[DATA RECORDS Boundary: Start]

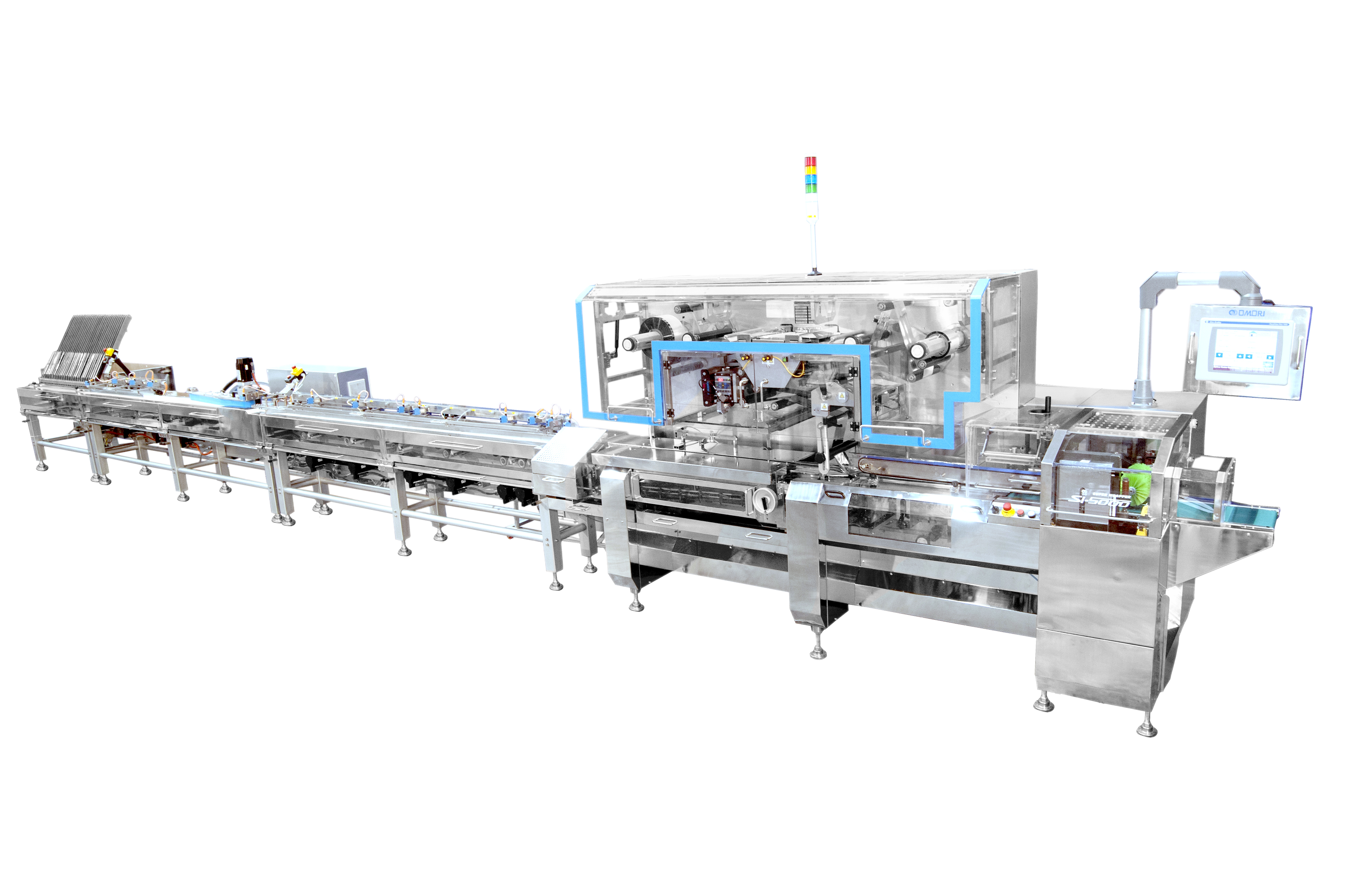 For wrapping single bars or tablets, the ‘flow wrap’ solution with ‘oblique angle feeding’ system enables a speed of up to 800+ packs per minute with cold seal wrapper provide a high degree of reliability and efficiency. It comes with optional ‘fully servo-controlled’ and ‘stainless steel’ version.
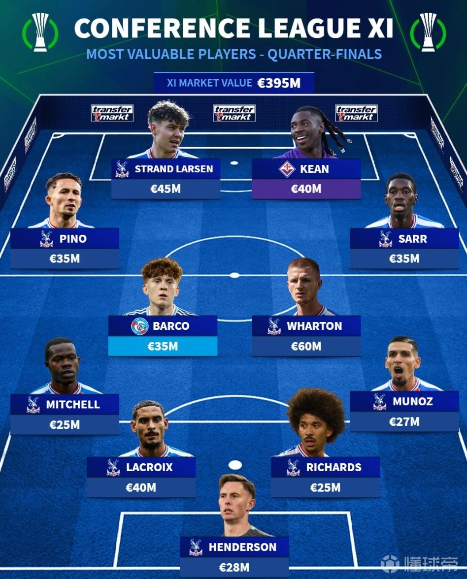 北京时间4月9日,在欧协联1/4决赛首回合的比赛即将打响的情况下,德转列出了赛事这一阶段8支参赛球队最贵的11人阵容,水晶宫9人入围,另外两名球员则是佛罗伦萨前锋莫伊塞-基恩和斯特拉斯堡中场巴伦廷-巴尔科。
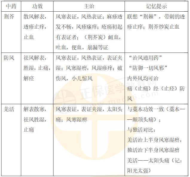 【解析】防風(fēng)【主治病證】(1)風(fēng)寒表證,風(fēng)熱表證,表證夾濕。(2)風(fēng)寒濕痹,風(fēng)濕疹癢。(3)破傷風(fēng),小兒驚風(fēng)。注意防風(fēng)不能補(bǔ)血,不治療血虛發(fā)痙。
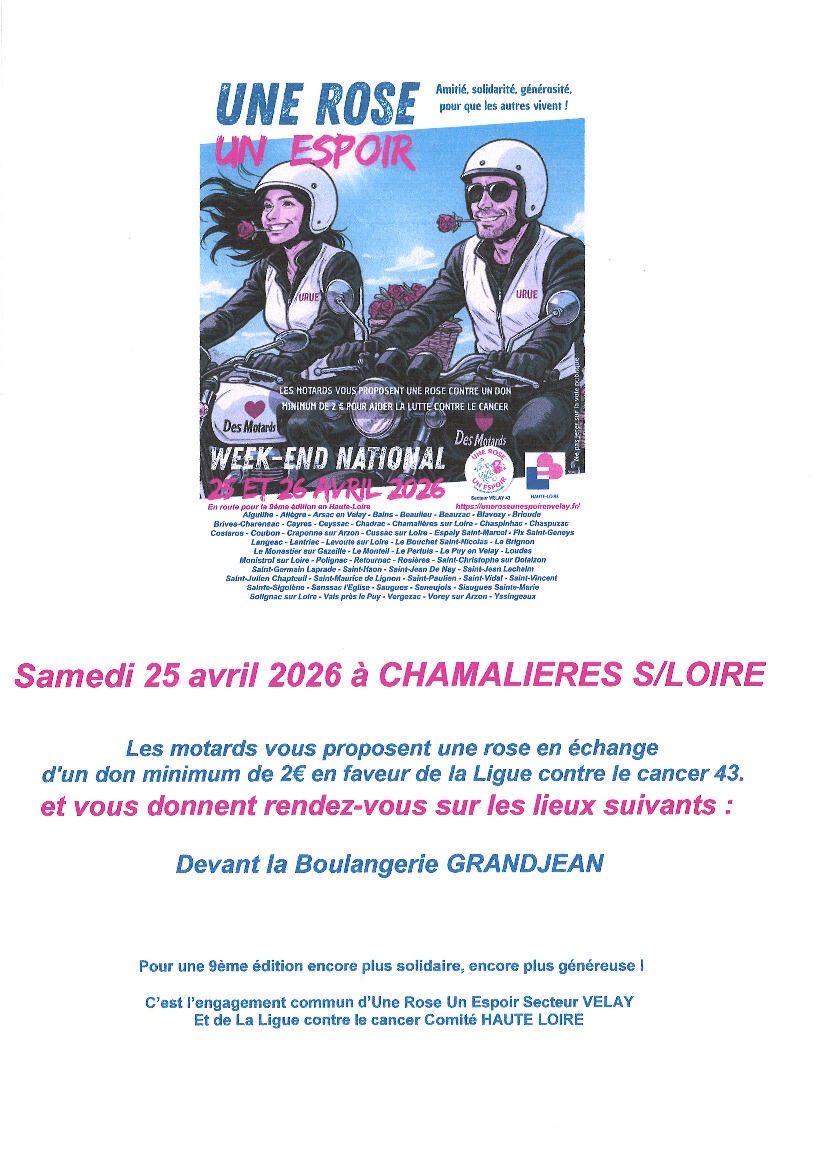 SAM. 25 AVRIL : UNE ROSE, UN ESPOIR, AVEC LES MOTARDS !
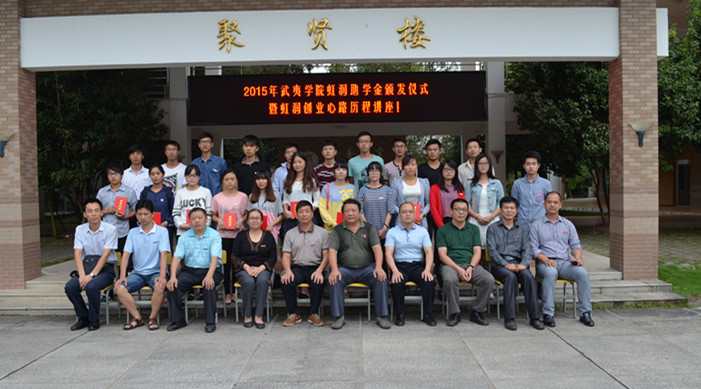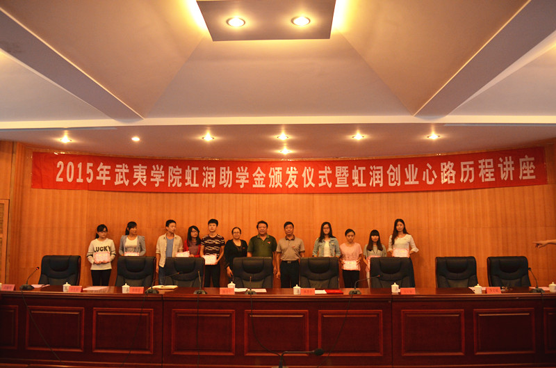 姚進(jìn)生、林善平等與會(huì)領(lǐng)導(dǎo)為獲得虹潤助學(xué)金的同學(xué)頒發(fā)了證書。林善平用自己的創(chuàng)業(yè)歷程告訴同學(xué)們要尊重自我,在暫時(shí)的逆境中砥礪品格,磨練意志,用自己的努力不斷增長知識(shí)和才干,在以后的人生歷程中選擇更輝煌的道路。
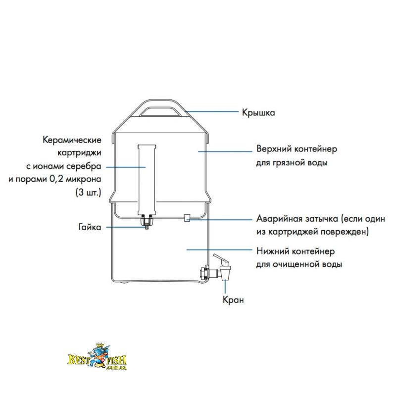 Технология: гравитационный керамический фильтр (поры 0,2 микрона).
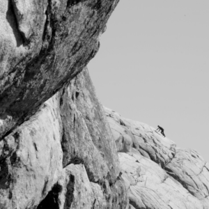 In a striking otherworldly terrain, a rock climber undergoes a poetic transformation when a mythological winged creature descends.
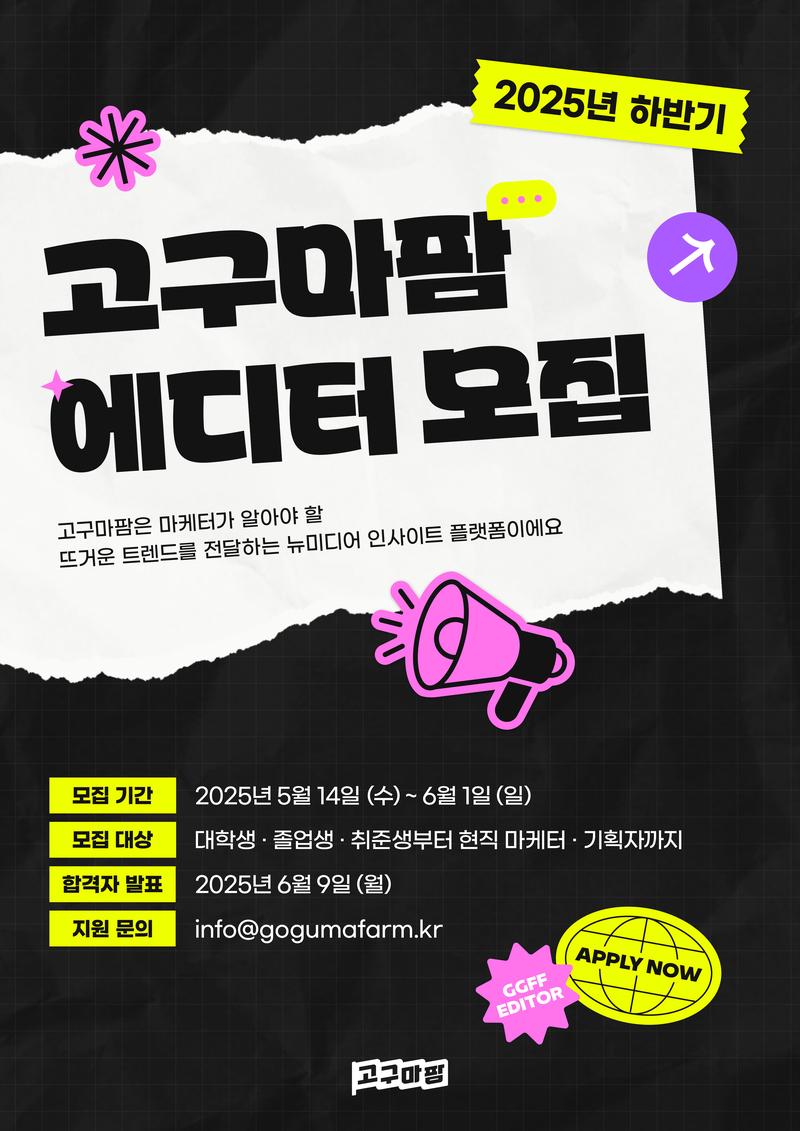 에디터 활동 기간 : 2025. 06. 14 (토)~ 2025. 12. 31 (수) (약 6개월간)
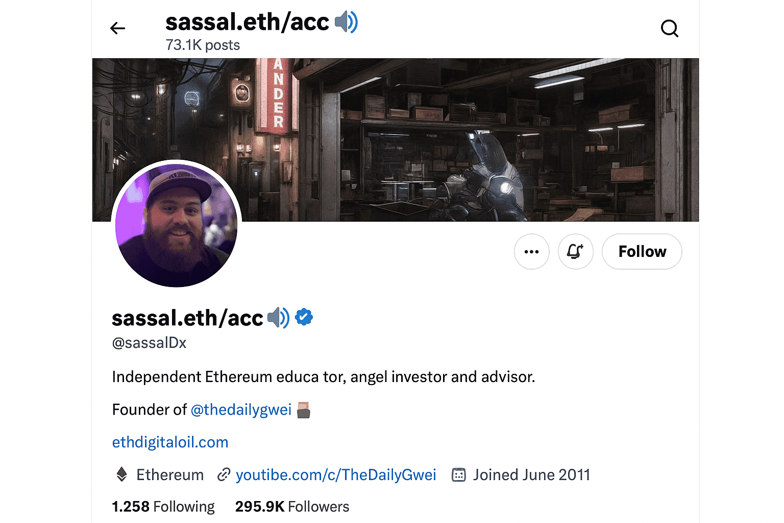 Sassal remains one of the strongest Ethereum advocates on the platform. His content explains ecosystem upgrades, DeFi mechanics, and technical developments with unusual clarity.
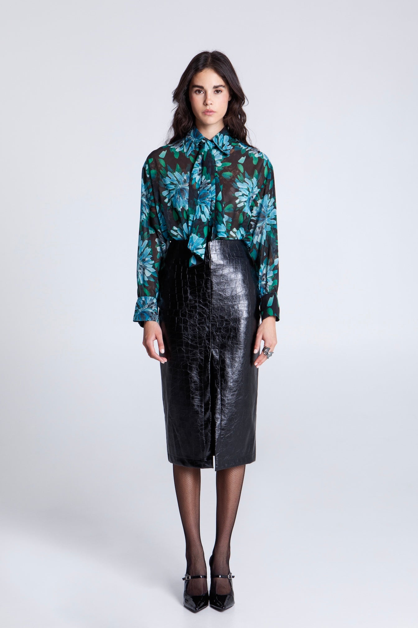 BLACK CROCO MIDI SKIRT
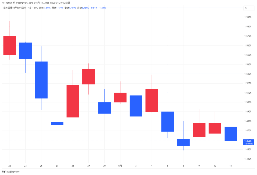 11日の国内債券市場で指標となる新発10年物国債の利回りは前日比0.015%低い1.455%に低下し、債券価格は上昇しました。世界経済の先行き不透明感を背景に安全資産とされる債券に買いが優勢となりました。超長期債の発行減額観測も支援材料となりました。一方で、米中貿易協議の進展がリスク志向を高める要因として債券に対する重荷にもなり、相場の方向感は定まりにくい状況でした。政府・与党による物価高対策の一律給付検討など財政拡張への警戒感も一部影響しています。
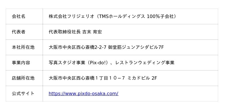 株式会社TMSホールディングスの子会社である株式会社フリジェリオ(本社:大阪市中央区、代表取締役:吉末 育宏)は、写真スタジオ事業「Pix-do!(ピックスドゥ)」の運営を、2026年2月1日付で継承したことをお知らせいたします。

[DATA RECORDS Boundary: End]

§ WORK TO BE COMPLETED: The records above should be repeated exactly, with every picture omitted.

§ RESULT OF THIS EXERCISE:
 For wrapping single bars or tablets, the ‘flow wrap’ solution with ‘oblique angle feeding’ system enables a speed of up to 800+ packs per minute with cold seal wrapper provide a high degree of reliability and efficiency. It comes with optional ‘fully servo-controlled’ and ‘stainless steel’ version.
 北京时间4月9日,在欧协联1/4决赛首回合的比赛即将打响的情况下,德转列出了赛事这一阶段8支参赛球队最贵的11人阵容,水晶宫9人入围,另外两名球员则是佛罗伦萨前锋莫伊塞-基恩和斯特拉斯堡中场巴伦廷-巴尔科。
 【解析】防風(fēng)【主治病證】(1)風(fēng)寒表證,風(fēng)熱表證,表證夾濕。(2)風(fēng)寒濕痹,風(fēng)濕疹癢。(3)破傷風(fēng),小兒驚風(fēng)。注意防風(fēng)不能補(bǔ)血,不治療血虛發(fā)痙。
 SAM. 25 AVRIL : UNE ROSE, UN ESPOIR, AVEC LES MOTARDS !
 姚進(jìn)生、林善平等與會(huì)領(lǐng)導(dǎo)為獲得虹潤助學(xué)金的同學(xué)頒發(fā)了證書。林善平用自己的創(chuàng)業(yè)歷程告訴同學(xué)們要尊重自我,在暫時(shí)的逆境中砥礪品格,磨練意志,用自己的努力不斷增長知識(shí)和才干,在以后的人生歷程中選擇更輝煌的道路。
 Технология: гравитационный керамический фильтр (поры 0,2 микрона).
 In a striking otherworldly terrain, a rock climber undergoes a poetic transformation when a mythological winged creature descends.
 에디터 활동 기간 : 2025. 06. 14 (토)~ 2025. 12. 31 (수) (약 6개월간)
 Sassal remains one of the strongest Ethereum advocates on the platform. His content explains ecosystem upgrades, DeFi mechanics, and technical developments with unusual clarity.
 BLACK CROCO MIDI SKIRT
 11日の国内債券市場で指標となる新発10年物国債の利回りは前日比0.015%低い1.455%に低下し、債券価格は上昇しました。世界経済の先行き不透明感を背景に安全資産とされる債券に買いが優勢となりました。超長期債の発行減額観測も支援材料となりました。一方で、米中貿易協議の進展がリスク志向を高める要因として債券に対する重荷にもなり、相場の方向感は定まりにくい状況でした。政府・与党による物価高対策の一律給付検討など財政拡張への警戒感も一部影響しています。
 株式会社TMSホールディングスの子会社である株式会社フリジェリオ(本社:大阪市中央区、代表取締役:吉末 育宏)は、写真スタジオ事業「Pix-do!(ピックスドゥ)」の運営を、2026年2月1日付で継承したことをお知らせいたします。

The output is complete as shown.